[Records from a data collection]
------------------------------------------------------------------------
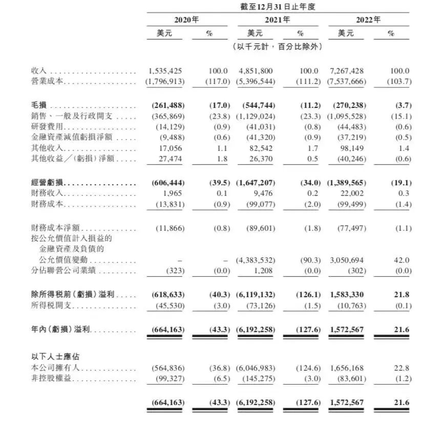 根據(jù)極兔招股書顯示,2020年到2022年極兔的營收分別為15.35億美元、48.52億美元、72.67億美元。2020 年、2021 年和 2022 年營收的同比增速分別為 357.7%、216% 和 49.8%。
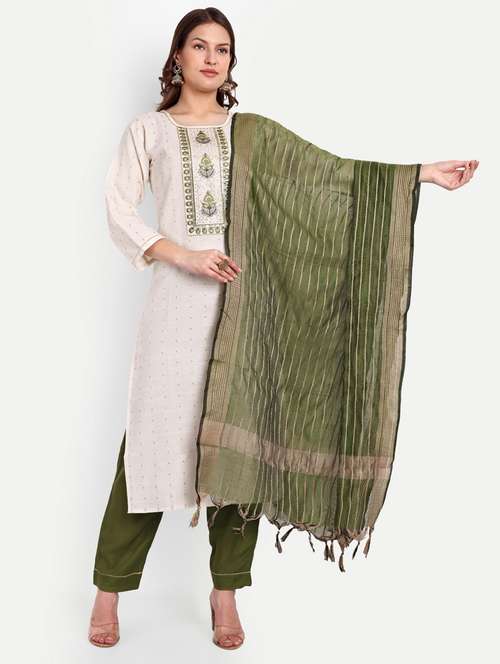 self design kurta pant set with dupatta
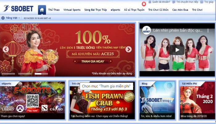 Bước 1: Truy cập trang chủ của Sbobet. Trên góc trái trang chủ Sbobet, các bạn chọn mục “Đăng ký”
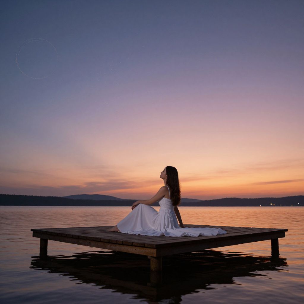 Silhouetted figures stand atop a towering stone bridge as a lone woman walks barefoot along a narrow pathway below, her shadow stretching toward the radiant sunset that casts golden hues over the misty waters and distant forested hills.
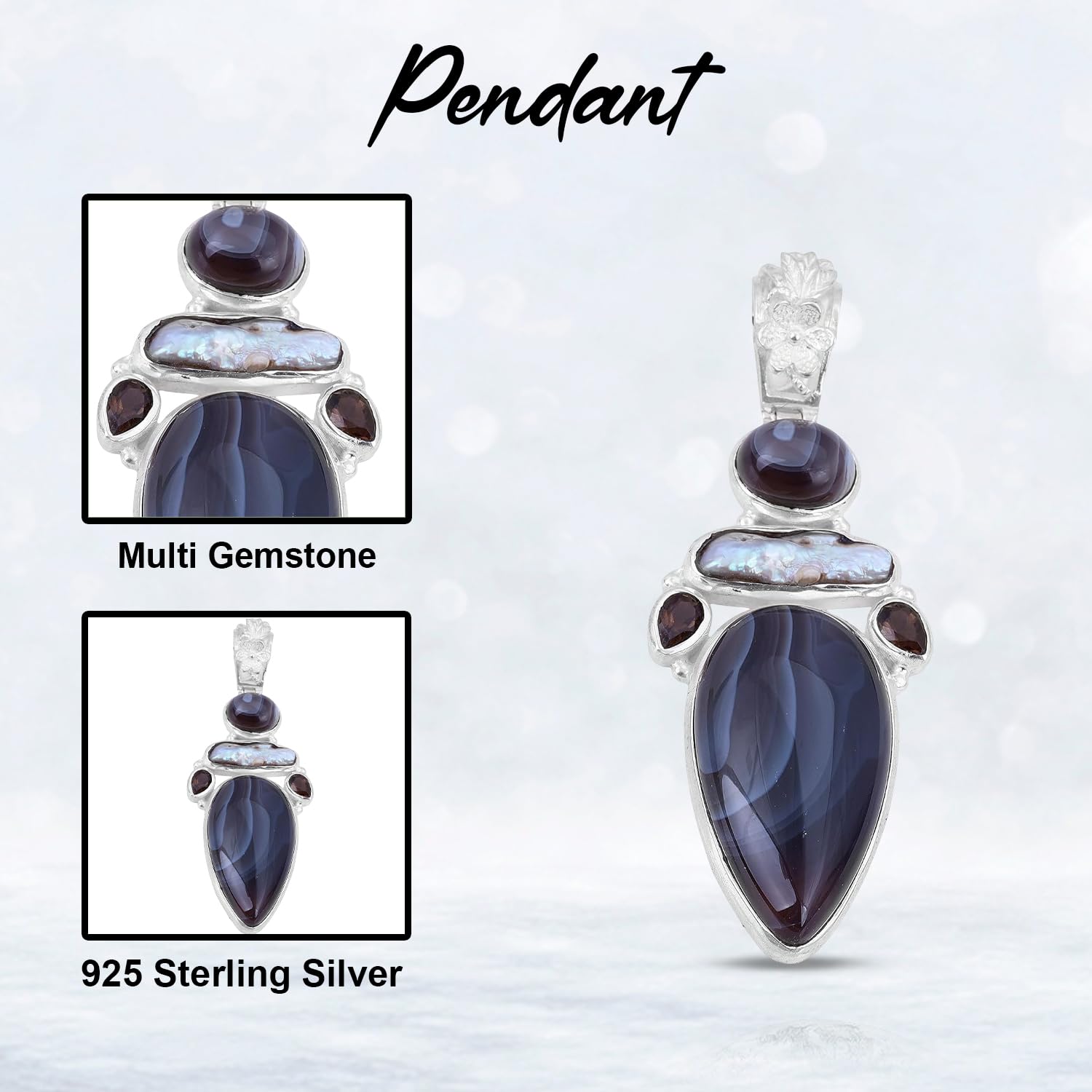 Multi Gemstone Pendant 925 Sterling Silver Handmade Bohemian Pendant mothers day gifts
------------------------------------------------------------------------
=== Directions for this task ===
Take the records above from the line with "Bước 1: Truy" down to their last line and please copy those lines exactly, without the pictures.

=== Expected answer ===
 Bước 1: Truy cập trang chủ của Sbobet. Trên góc trái trang chủ Sbobet, các bạn chọn mục “Đăng ký”
 Silhouetted figures stand atop a towering stone bridge as a lone woman walks barefoot along a narrow pathway below, her shadow stretching toward the radiant sunset that casts golden hues over the misty waters and distant forested hills.
 Multi Gemstone Pendant 925 Sterling Silver Handmade Bohemian Pendant mothers day gifts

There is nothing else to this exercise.